Records for this exercise section start

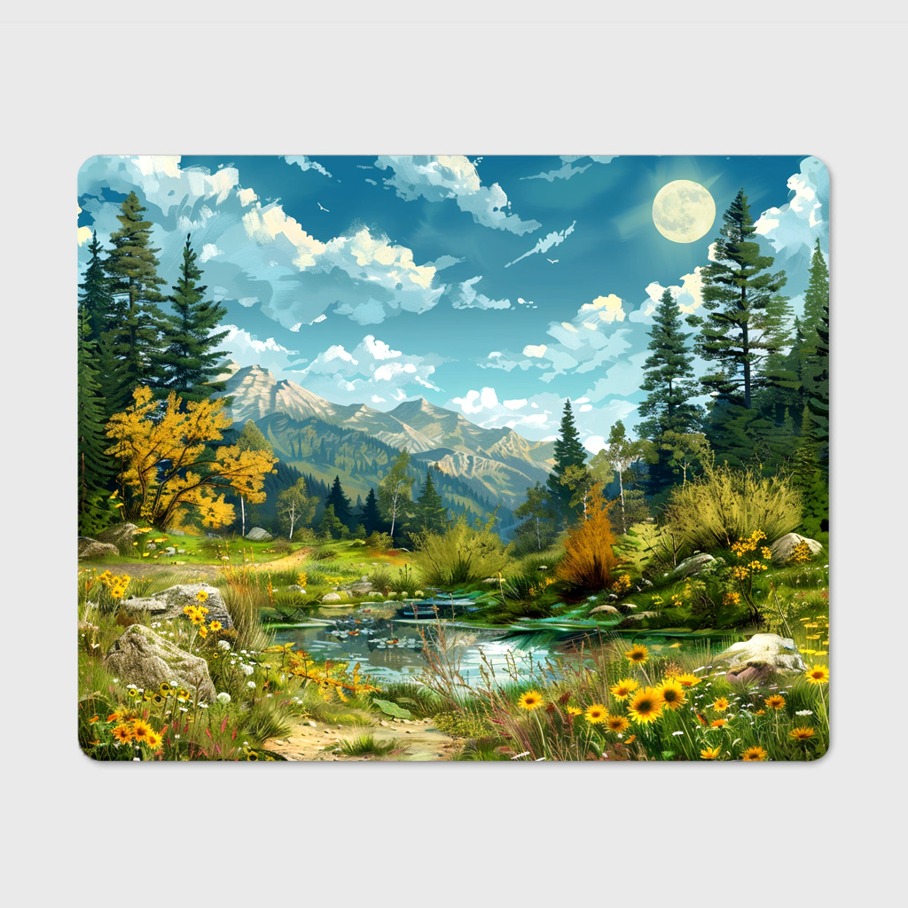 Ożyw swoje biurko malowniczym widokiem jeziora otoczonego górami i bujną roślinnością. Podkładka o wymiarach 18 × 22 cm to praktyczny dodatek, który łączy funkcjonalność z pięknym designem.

Records for this exercise section end
Records for this exercise section start

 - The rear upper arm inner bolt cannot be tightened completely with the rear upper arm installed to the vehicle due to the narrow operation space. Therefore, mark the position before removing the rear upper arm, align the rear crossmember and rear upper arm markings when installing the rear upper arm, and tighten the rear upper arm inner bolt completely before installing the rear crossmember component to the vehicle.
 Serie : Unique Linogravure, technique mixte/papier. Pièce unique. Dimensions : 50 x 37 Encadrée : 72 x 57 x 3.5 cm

Records for this exercise section end

What this task involves:
Copy out precisely the lines from the line with "- The rear upper" to the line with "Serie : Unique" in the material above, including those two lines and omitting all the rest.

Output below:
 - The rear upper arm inner bolt cannot be tightened completely with the rear upper arm installed to the vehicle due to the narrow operation space. Therefore, mark the position before removing the rear upper arm, align the rear crossmember and rear upper arm markings when installing the rear upper arm, and tighten the rear upper arm inner bolt completely before installing the rear crossmember component to the vehicle.
 Serie : Unique Linogravure, technique mixte/papier. Pièce unique. Dimensions : 50 x 37 Encadrée : 72 x 57 x 3.5 cm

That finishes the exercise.